Right, but not everyone does because it takes up more space and can look ugly to some. If you were to work in "software support" or as an "integration specialist", then you'd probably have to get used to things like people not using braces around in all the places that they should.

[lethalwire]

I was supposing the case that he honestly forgot to add the braces for the loop.
I could have also supposed your way too. Either way, will work.

Knowing that newcomers honestly forgot simple things like braces, is the reason I assumed this.

Quote

or from your lack of understanding of how a for-loop works.

If I'm trying to provide an answer to the OP, I'd hope I know a thing or two about how for-loops work. ;)

Quote

You see, the problem with your code is that you make the code too complicating and cause the program to execute more statements than it needs to. If the OP is just trying to see if his search string is inside of his collection of strings, then testing the size of j after the loop executes is just fine.

They code may be more complicated in the sense that it takes longer to finish, but it is easier to understand. That is the point I was trying to reach to the OP.
I don't want the OP to read my sample and be confused, but rather give him a general idea of how the algorithm could have been written.

From this example, yes he can easily work-out and understand that these statements could be condensed and optimized to make the algorithm more efficient.

Therefore, I agree that the way you've written it is correct, it's just not the path I chose for the OP.

Anyways, the following code you provided seems incorrect to me.

for (j=0; j<nItems; j++)

    if (search.compareTo(array[j])!=0)[COLOR="SeaGreen"]// why do we stop the search IF the strings didn't match?[/COLOR]
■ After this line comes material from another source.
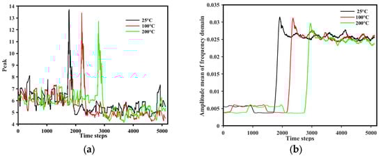 The results of vibration testing during the cutting tool process are shown in Figure 9. It can be seen that the increase in substrate temperature reduces the amplitude of vibration at the starting point of milling. The peak value when the tool contacts the substrate decreases with an increase in temperature, as shown in Figure 9. During the milling process, the peak value and the amplitude mean of the frequency domain of the 25 °C substrate temperature are larger. It means that the hardness of the substrate decreases with an increase in the substrate temperature. However, the difference in the tool vibrations between the substrate temperatures of 100 and 200 °C is not obvious.

        break; [COLOR="SeaGreen"]// shouldn't we stop IF the strings match?[/COLOR]

if (j==nItems)

    JOptionPane.showMessageDialog (null, search+" not found!", "Case Study", JOptionPane.ERROR_MESSAGE);

else

    JOptionPane.showMessageDialog (null, "Found "+search, "Case Study",JOptionPane.INFORMATION_MESSAGE);  

**Edit, now that I look at it, the code I posted is not only correct, but also runs in O(n), not O(3n).
My Code:

		for(int j = 0; j < array.length; ++j ) {

		    if( search.compareTo( array[j] ) < 0 )

		        continue;  // we'll continue searching BECAUSE STRING NOT MATCHED

		    else if( search.compareTo( array[j] ) > 0 )

		        continue; // we'll continue searching BECAUSE STRING NOT MATCHED

		    else {

                        found = true;

		        break; // now we can successfully terminate this loop BECAUSE THE STRING MATCHED

		    }

		}

[Liars_paradox]

lethalwire said:

Anyways, the following code you provided seems incorrect to me.

for (j=0; j<nItems; j++)

    if (search.compareTo(array[j])!=0)[COLOR="SeaGreen"]// why do we stop the search IF the strings didn't match?[/COLOR]

        break; [COLOR="SeaGreen"]// shouldn't we stop IF the strings match?[/COLOR]

if (j==nItems)

    JOptionPane.showMessageDialog (null, search+" not found!", "Case Study", JOptionPane.ERROR_MESSAGE);

else

    JOptionPane.showMessageDialog (null, "Found "+search, "Case Study",JOptionPane.INFORMATION_MESSAGE);  

Yeah, my bad. You're right, I don't know why I had "!=" in there. lol.

[speachy_15]

Thanks guys... sorry i wasn't able to post an immediate reply.... just got my computer fresh from the repairman..
i followed lethalwire's advice.... and it got through... and no, i think i know mostly how for loops work.. its just i was experimenting on what would happen if i didn't put in braces...
and i really, really thank everybody who replied here.... really.. thank you!!!!